**What you need to do:** Leaving the pictures aside, repeat the entries exactly.

Records from a data collection:
_____

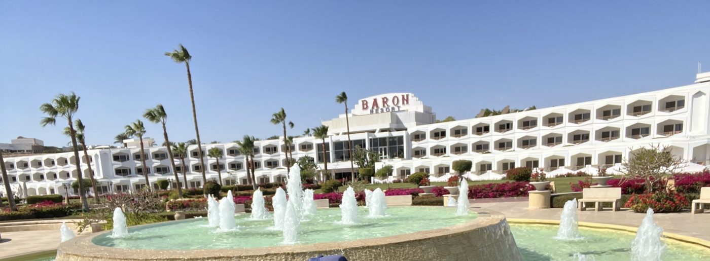 Aici micile detalii chiar conteaza. Cladirea nu se aseamana cu nimic. Poate doar cu Coloana Infinitului, daca ti-o imaginezi in pozitie orizontala. Interioarele abunda de marmura rosie, cu balustrade discret suflate in aur. Camerele de 40 de mp, cu podele din marmura, la fel ca si lavoarele, au mobila din lemn masiv. Lenjeria din bumbac egiptean se schimba zilnic facand patul mai confortabil. In baia eleganta, plina de prosoape pufoase si de servetele doar din bumbac de cea mai buna calitate, esti rasfatat cu sapun, sampon si balsam, ce contin minerale din Marea Moarta. Sala de mese este un restaurant marca Michelin, unde fetele de masa din bumbac alb egiptean, se schimba dupa fiecare turist care a servit masa. Oaspetii sunt intampinati de ospatari imbracati in camasa alba cu maneca lunga, cravata si vesta din matase, in timp ce pe mese ard mocnit lumanari, in sfesnice de cristal. Mancarurile diversificate, sunt gatite la nivel de arta, de chefi bucatari pregatiti in scoli celebre. Pe langa gustul desavarsit, aspectul este unul atent studiat. Gradina enorma, decorata cu arbori cu flori de bumbac comestibile, cu Corisia, arborele de ata dentara sau cu gard viu, din arbusti cu flori ce par de hartie, printre bancile de piatra, lumineaza frumusetea locului. Iar pe gazonul perfect tuns, cateva pupeze imbracate in culori vii, brun deschis roșcat pe cap si piept, iar pe aripile negre, dungi albe, se plimba printre vrabiutele mici si gurese. Senzatia pe care ti-o da este de om liber, ajuns in gradinile Semiramidei, alintat de minunatiile florale ale vietii. Aici nimeni nu poarta bratara, turistii sunt oaspeti, nu clienti. Pe plaja cu nisip din cel mai fin, iubitorii de Marea Rosie au sezlonguri extralargi, acoperite cu saltele albe, cu perne la cap, din spuma memory foam si pot privi soarele minunat, de sub umbrelele impletite din ramuri de pamier, asezate la 5 metri distanta intre ele. La amiaza, cand Ra devine mai calduros, unul dintre angajati te racoreste cu stropi de apa si esenta de menta si iti ofera apa cu bucati de lamaie. Sau cafea gen Starbucks, servita in cesti de portelan, decorate in cel mai pur stil castelan englezesc. Daca vrei mai multa racoare, ai la dispozitie marea, cu fundul gros de nisip fin, unde se zbenguie pestii multicolori, printre corali, intr-un decor subacvatic, ca un taram de vis. Cei priceputi in ale scufundatului, au la dispozitie, la capatul celor doua pontoane, locuri speciale pentru a patrunde in lumea minunata a marii. Intr-o dimineata n-am avut chef sa mergem la masa si am dormit pana mai tarziu. In jurul orei 10,00 am fost sunati in camera. Doamna de la capatul firului ne-a intrebat, dupa ce s-a asigurat ca suntem bine, daca ne poate ajuta sau poate face ceva pentru noi. Iar cand asistentul managerului, Ahmed Said a aflat ca ne-am dori o camera din cele scumpe, cu vedere la mare, nu a ezitat si ne-a oferit-o… gratis! Asta inseamna sa fii oaspete la Baron Resort!
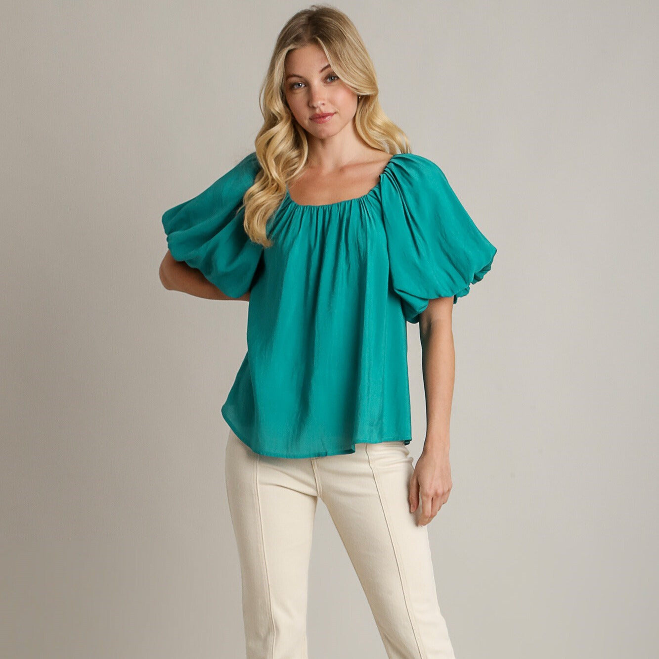 Introducing the Pleasantly Spring Top in Turquoise! Made from a soft modal blend, this round neck top features delicate pleats and shirring details for a flattering fit. Complete with playful short balloon sleeves, this top is the perfect addition to your wardrobe. (P.S. it's also super comfy!)
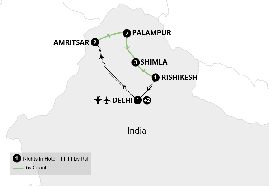 From Punjab to the banks of the Ganges, embark on an unforgettable journey through spiritual locations in northern India. Experience the cultural hearts of Sikhism and Buddhism by witnessing the enchanting Palki ceremony at the Golden Temple in Amritsar and visiting Dharamshala. Tour a vast tea estate in the foothills of the Himalayas and...
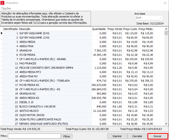 OBS: Caso há produtos com quantidade negativas, o valor desses produtos é subtraido no momento de edição da tabela de inventário, porém na geração do inventário é incluso somente produtos com quantidade superior a zero, portanto o valor na geração do inventário será maior do que o apresentado na tabela de inventário.
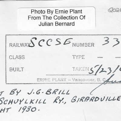 "Built by J.G. Brill Ex Schuylkill Ry., Girardville, PA. Bought 1930."Language
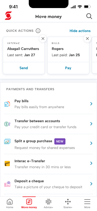 We designed a feature for our mobile app to enable users to calculate and request money from their contacts for shared expenses. Increasing Interac e-Transfer requests means more money comes in to the bank, which aligns with strategic priorities to grow deposits.
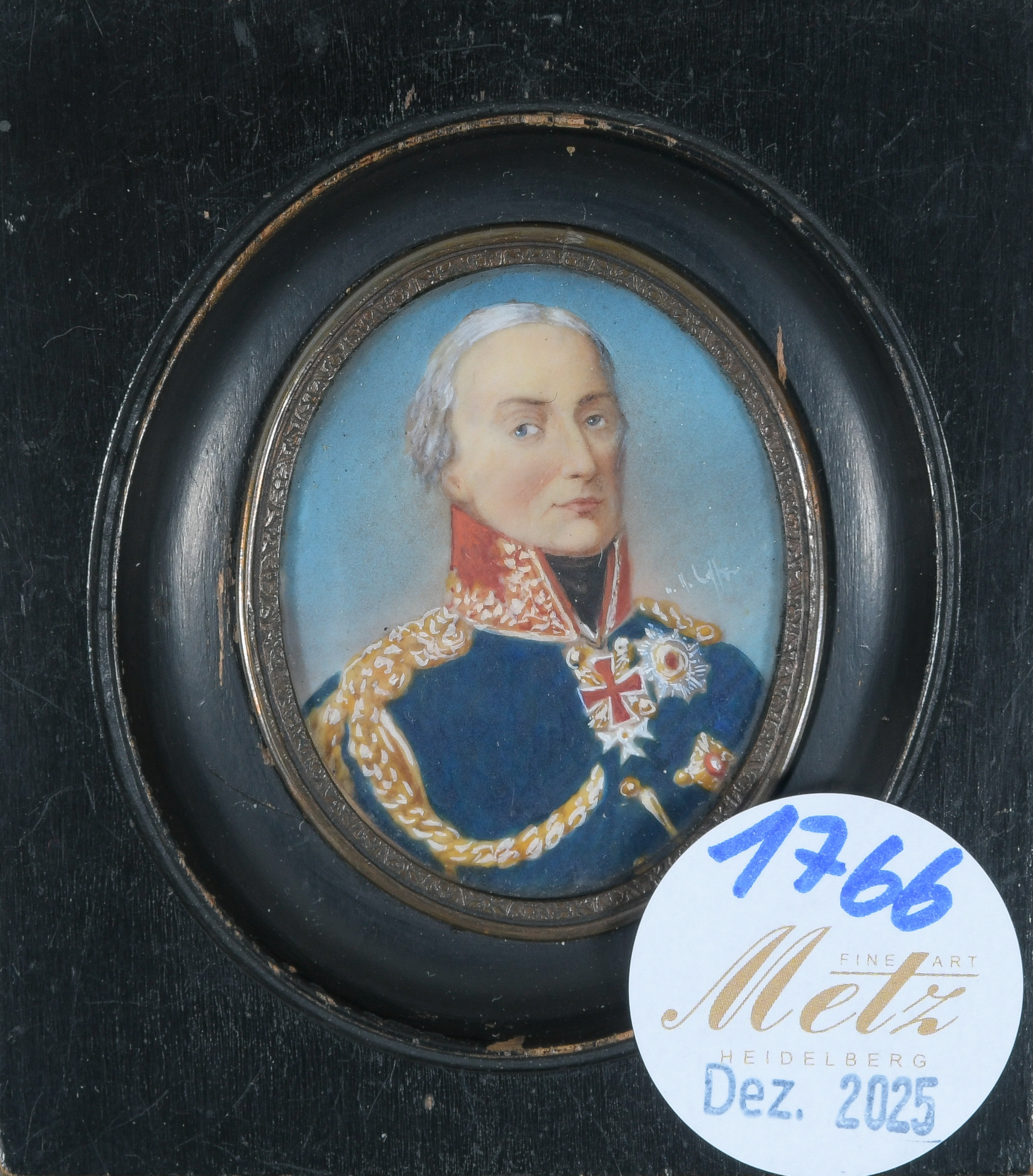 - Katalog-Nr: 1766Miniatur mit dem Porträt von General Bülow von Dennewitz, gerahmt, 4,5 x 3,5 cm.o.L.

_____

**Result of the exercise:**
 Aici micile detalii chiar conteaza. Cladirea nu se aseamana cu nimic. Poate doar cu Coloana Infinitului, daca ti-o imaginezi in pozitie orizontala. Interioarele abunda de marmura rosie, cu balustrade discret suflate in aur. Camerele de 40 de mp, cu podele din marmura, la fel ca si lavoarele, au mobila din lemn masiv. Lenjeria din bumbac egiptean se schimba zilnic facand patul mai confortabil. In baia eleganta, plina de prosoape pufoase si de servetele doar din bumbac de cea mai buna calitate, esti rasfatat cu sapun, sampon si balsam, ce contin minerale din Marea Moarta. Sala de mese este un restaurant marca Michelin, unde fetele de masa din bumbac alb egiptean, se schimba dupa fiecare turist care a servit masa. Oaspetii sunt intampinati de ospatari imbracati in camasa alba cu maneca lunga, cravata si vesta din matase, in timp ce pe mese ard mocnit lumanari, in sfesnice de cristal. Mancarurile diversificate, sunt gatite la nivel de arta, de chefi bucatari pregatiti in scoli celebre. Pe langa gustul desavarsit, aspectul este unul atent studiat. Gradina enorma, decorata cu arbori cu flori de bumbac comestibile, cu Corisia, arborele de ata dentara sau cu gard viu, din arbusti cu flori ce par de hartie, printre bancile de piatra, lumineaza frumusetea locului. Iar pe gazonul perfect tuns, cateva pupeze imbracate in culori vii, brun deschis roșcat pe cap si piept, iar pe aripile negre, dungi albe, se plimba printre vrabiutele mici si gurese. Senzatia pe care ti-o da este de om liber, ajuns in gradinile Semiramidei, alintat de minunatiile florale ale vietii. Aici nimeni nu poarta bratara, turistii sunt oaspeti, nu clienti. Pe plaja cu nisip din cel mai fin, iubitorii de Marea Rosie au sezlonguri extralargi, acoperite cu saltele albe, cu perne la cap, din spuma memory foam si pot privi soarele minunat, de sub umbrelele impletite din ramuri de pamier, asezate la 5 metri distanta intre ele. La amiaza, cand Ra devine mai calduros, unul dintre angajati te racoreste cu stropi de apa si esenta de menta si iti ofera apa cu bucati de lamaie. Sau cafea gen Starbucks, servita in cesti de portelan, decorate in cel mai pur stil castelan englezesc. Daca vrei mai multa racoare, ai la dispozitie marea, cu fundul gros de nisip fin, unde se zbenguie pestii multicolori, printre corali, intr-un decor subacvatic, ca un taram de vis. Cei priceputi in ale scufundatului, au la dispozitie, la capatul celor doua pontoane, locuri speciale pentru a patrunde in lumea minunata a marii. Intr-o dimineata n-am avut chef sa mergem la masa si am dormit pana mai tarziu. In jurul orei 10,00 am fost sunati in camera. Doamna de la capatul firului ne-a intrebat, dupa ce s-a asigurat ca suntem bine, daca ne poate ajuta sau poate face ceva pentru noi. Iar cand asistentul managerului, Ahmed Said a aflat ca ne-am dori o camera din cele scumpe, cu vedere la mare, nu a ezitat si ne-a oferit-o… gratis! Asta inseamna sa fii oaspete la Baron Resort!
 Introducing the Pleasantly Spring Top in Turquoise! Made from a soft modal blend, this round neck top features delicate pleats and shirring details for a flattering fit. Complete with playful short balloon sleeves, this top is the perfect addition to your wardrobe. (P.S. it's also super comfy!)
 From Punjab to the banks of the Ganges, embark on an unforgettable journey through spiritual locations in northern India. Experience the cultural hearts of Sikhism and Buddhism by witnessing the enchanting Palki ceremony at the Golden Temple in Amritsar and visiting Dharamshala. Tour a vast tea estate in the foothills of the Himalayas and...
 OBS: Caso há produtos com quantidade negativas, o valor desses produtos é subtraido no momento de edição da tabela de inventário, porém na geração do inventário é incluso somente produtos com quantidade superior a zero, portanto o valor na geração do inventário será maior do que o apresentado na tabela de inventário.
 "Built by J.G. Brill Ex Schuylkill Ry., Girardville, PA. Bought 1930."Language
 We designed a feature for our mobile app to enable users to calculate and request money from their contacts for shared expenses. Increasing Interac e-Transfer requests means more money comes in to the bank, which aligns with strategic priorities to grow deposits.
 - Katalog-Nr: 1766Miniatur mit dem Porträt von General Bülow von Dennewitz, gerahmt, 4,5 x 3,5 cm.o.L.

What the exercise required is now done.